**TASK DESCRIPTION:** Could you transcribe every record below exactly as written, excluding the pictures?

=======

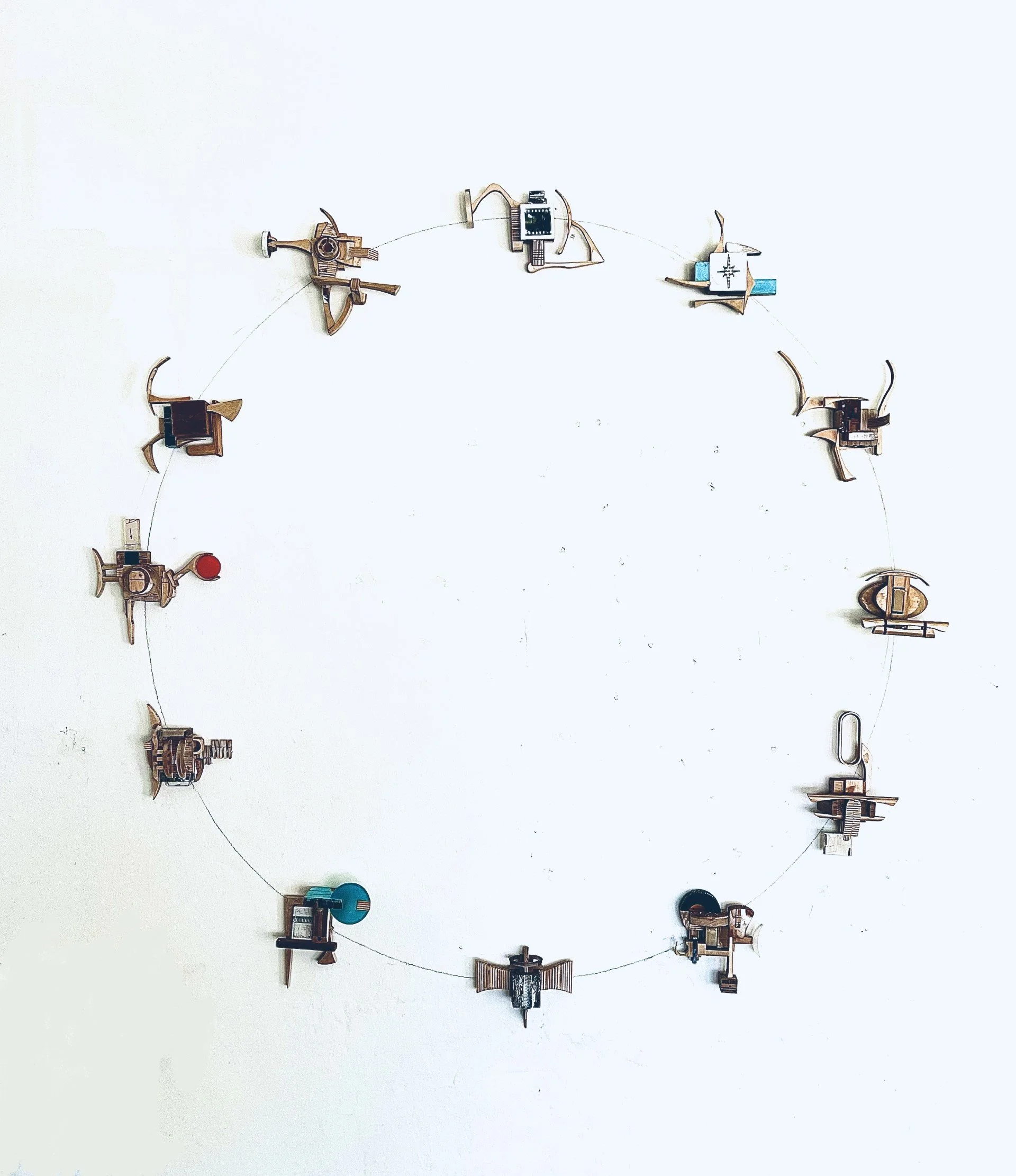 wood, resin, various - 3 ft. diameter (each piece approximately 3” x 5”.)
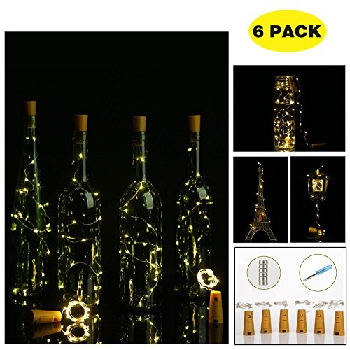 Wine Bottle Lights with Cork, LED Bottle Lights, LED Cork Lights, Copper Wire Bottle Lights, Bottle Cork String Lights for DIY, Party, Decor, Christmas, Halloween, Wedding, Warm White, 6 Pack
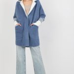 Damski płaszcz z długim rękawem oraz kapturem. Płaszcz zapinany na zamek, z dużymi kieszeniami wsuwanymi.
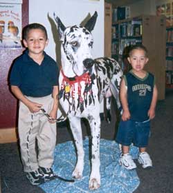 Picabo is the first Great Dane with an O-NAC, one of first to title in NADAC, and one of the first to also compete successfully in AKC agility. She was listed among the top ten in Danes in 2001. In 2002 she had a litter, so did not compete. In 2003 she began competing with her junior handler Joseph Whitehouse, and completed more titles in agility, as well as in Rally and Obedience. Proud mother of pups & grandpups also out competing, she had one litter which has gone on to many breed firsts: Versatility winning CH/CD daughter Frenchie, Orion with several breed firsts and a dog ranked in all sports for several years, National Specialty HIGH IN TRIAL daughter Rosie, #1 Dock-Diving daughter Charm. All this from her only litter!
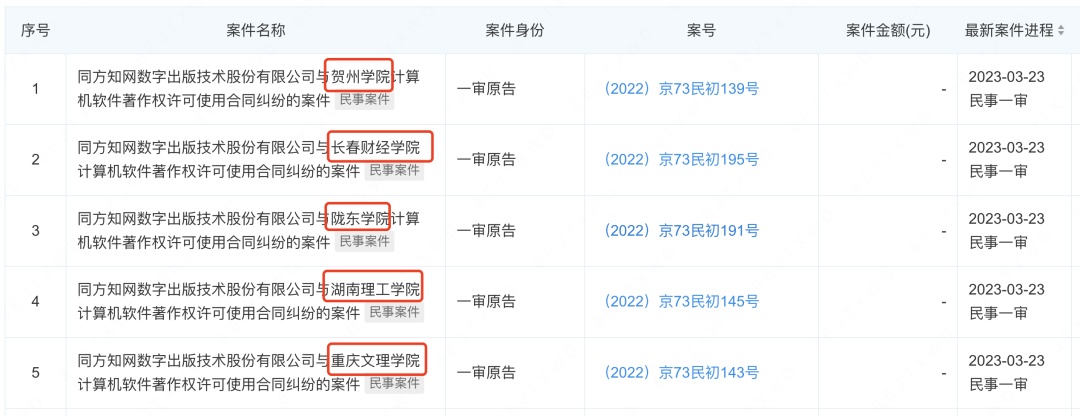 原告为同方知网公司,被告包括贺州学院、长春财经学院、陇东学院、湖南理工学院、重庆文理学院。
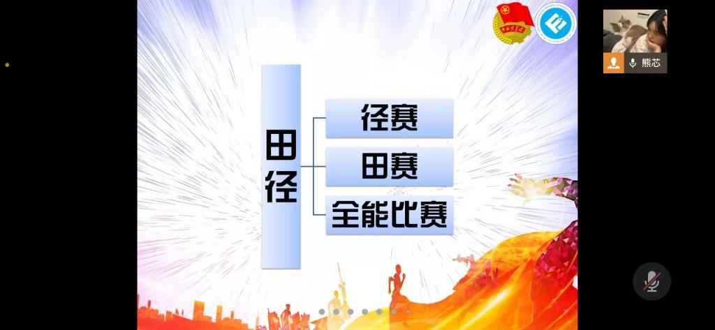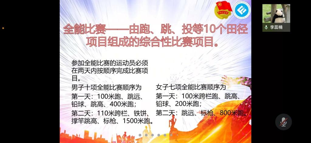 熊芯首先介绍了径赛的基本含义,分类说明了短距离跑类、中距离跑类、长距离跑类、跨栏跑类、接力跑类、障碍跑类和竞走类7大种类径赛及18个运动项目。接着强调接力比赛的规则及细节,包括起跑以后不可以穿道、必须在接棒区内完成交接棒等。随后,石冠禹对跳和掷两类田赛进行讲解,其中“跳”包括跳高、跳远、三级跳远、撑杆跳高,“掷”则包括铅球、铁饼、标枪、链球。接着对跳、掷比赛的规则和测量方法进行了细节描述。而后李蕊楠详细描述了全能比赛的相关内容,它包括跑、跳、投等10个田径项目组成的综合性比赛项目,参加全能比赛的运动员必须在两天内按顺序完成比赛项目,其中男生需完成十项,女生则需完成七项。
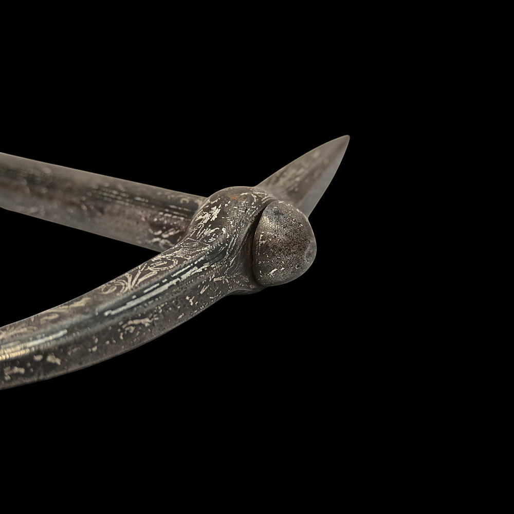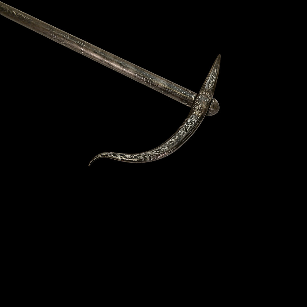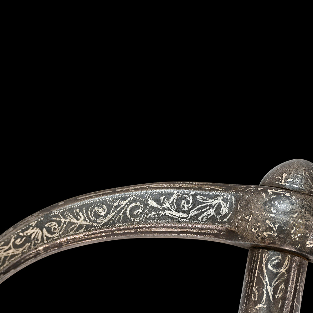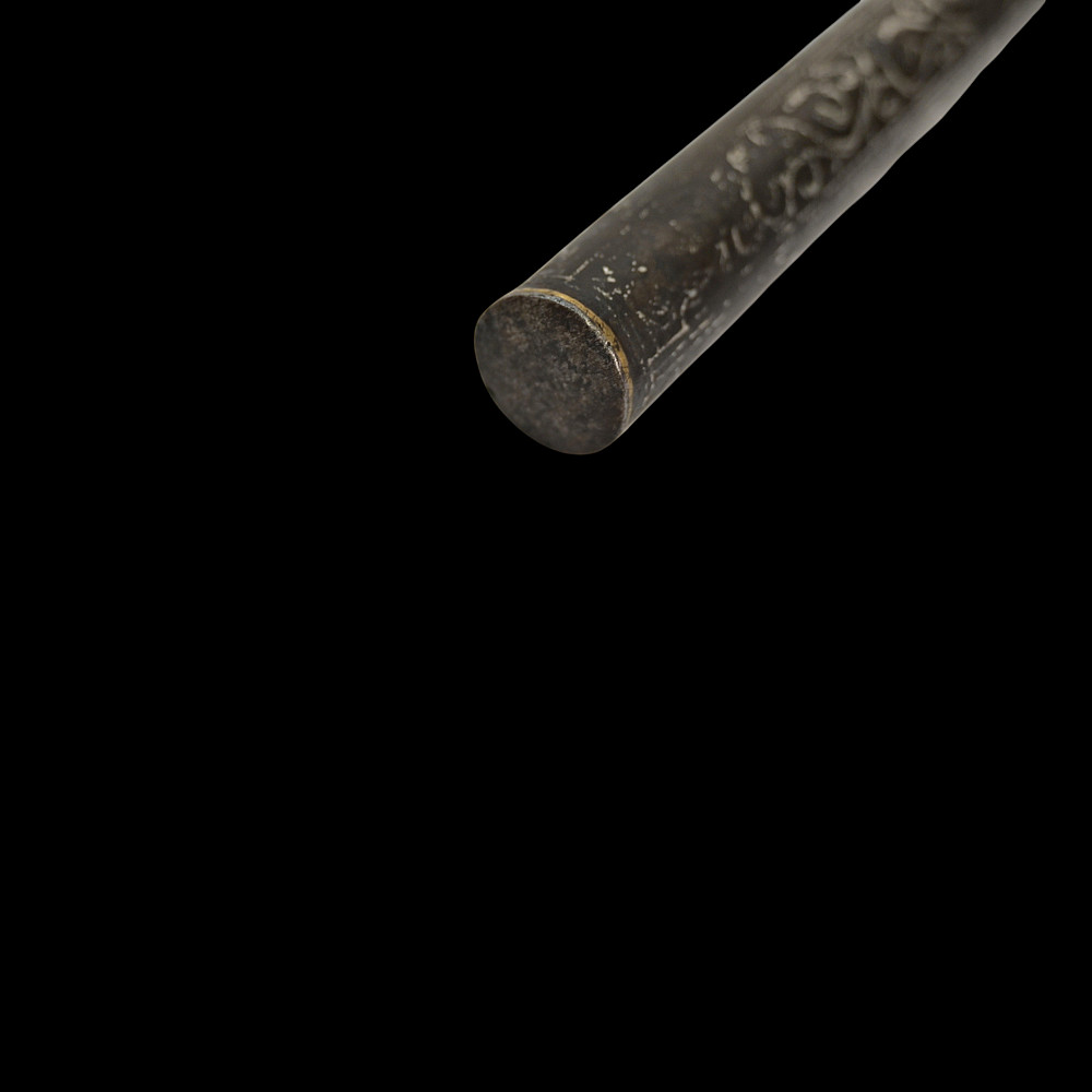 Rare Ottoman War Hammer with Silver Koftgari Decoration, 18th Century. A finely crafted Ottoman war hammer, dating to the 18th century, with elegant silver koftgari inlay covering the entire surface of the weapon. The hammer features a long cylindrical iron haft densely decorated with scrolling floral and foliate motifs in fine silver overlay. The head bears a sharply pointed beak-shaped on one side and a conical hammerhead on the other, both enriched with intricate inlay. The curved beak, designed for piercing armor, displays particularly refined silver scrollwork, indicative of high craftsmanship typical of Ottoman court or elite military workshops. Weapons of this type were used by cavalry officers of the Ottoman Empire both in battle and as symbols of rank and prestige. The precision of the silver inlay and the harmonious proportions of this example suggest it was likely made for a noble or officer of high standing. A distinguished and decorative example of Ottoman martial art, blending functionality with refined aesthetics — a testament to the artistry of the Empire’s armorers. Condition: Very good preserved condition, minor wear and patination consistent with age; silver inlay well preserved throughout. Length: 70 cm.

=======

**FINAL ANSWER:**
 wood, resin, various - 3 ft. diameter (each piece approximately 3” x 5”.)
 Wine Bottle Lights with Cork, LED Bottle Lights, LED Cork Lights, Copper Wire Bottle Lights, Bottle Cork String Lights for DIY, Party, Decor, Christmas, Halloween, Wedding, Warm White, 6 Pack
 Damski płaszcz z długim rękawem oraz kapturem. Płaszcz zapinany na zamek, z dużymi kieszeniami wsuwanymi.
 Picabo is the first Great Dane with an O-NAC, one of first to title in NADAC, and one of the first to also compete successfully in AKC agility. She was listed among the top ten in Danes in 2001. In 2002 she had a litter, so did not compete. In 2003 she began competing with her junior handler Joseph Whitehouse, and completed more titles in agility, as well as in Rally and Obedience. Proud mother of pups & grandpups also out competing, she had one litter which has gone on to many breed firsts: Versatility winning CH/CD daughter Frenchie, Orion with several breed firsts and a dog ranked in all sports for several years, National Specialty HIGH IN TRIAL daughter Rosie, #1 Dock-Diving daughter Charm. All this from her only litter!
 原告为同方知网公司,被告包括贺州学院、长春财经学院、陇东学院、湖南理工学院、重庆文理学院。
 熊芯首先介绍了径赛的基本含义,分类说明了短距离跑类、中距离跑类、长距离跑类、跨栏跑类、接力跑类、障碍跑类和竞走类7大种类径赛及18个运动项目。接着强调接力比赛的规则及细节,包括起跑以后不可以穿道、必须在接棒区内完成交接棒等。随后,石冠禹对跳和掷两类田赛进行讲解,其中“跳”包括跳高、跳远、三级跳远、撑杆跳高,“掷”则包括铅球、铁饼、标枪、链球。接着对跳、掷比赛的规则和测量方法进行了细节描述。而后李蕊楠详细描述了全能比赛的相关内容,它包括跑、跳、投等10个田径项目组成的综合性比赛项目,参加全能比赛的运动员必须在两天内按顺序完成比赛项目,其中男生需完成十项,女生则需完成七项。
 Rare Ottoman War Hammer with Silver Koftgari Decoration, 18th Century. A finely crafted Ottoman war hammer, dating to the 18th century, with elegant silver koftgari inlay covering the entire surface of the weapon. The hammer features a long cylindrical iron haft densely decorated with scrolling floral and foliate motifs in fine silver overlay. The head bears a sharply pointed beak-shaped on one side and a conical hammerhead on the other, both enriched with intricate inlay. The curved beak, designed for piercing armor, displays particularly refined silver scrollwork, indicative of high craftsmanship typical of Ottoman court or elite military workshops. Weapons of this type were used by cavalry officers of the Ottoman Empire both in battle and as symbols of rank and prestige. The precision of the silver inlay and the harmonious proportions of this example suggest it was likely made for a noble or officer of high standing. A distinguished and decorative example of Ottoman martial art, blending functionality with refined aesthetics — a testament to the artistry of the Empire’s armorers. Condition: Very good preserved condition, minor wear and patination consistent with age; silver inlay well preserved throughout. Length: 70 cm.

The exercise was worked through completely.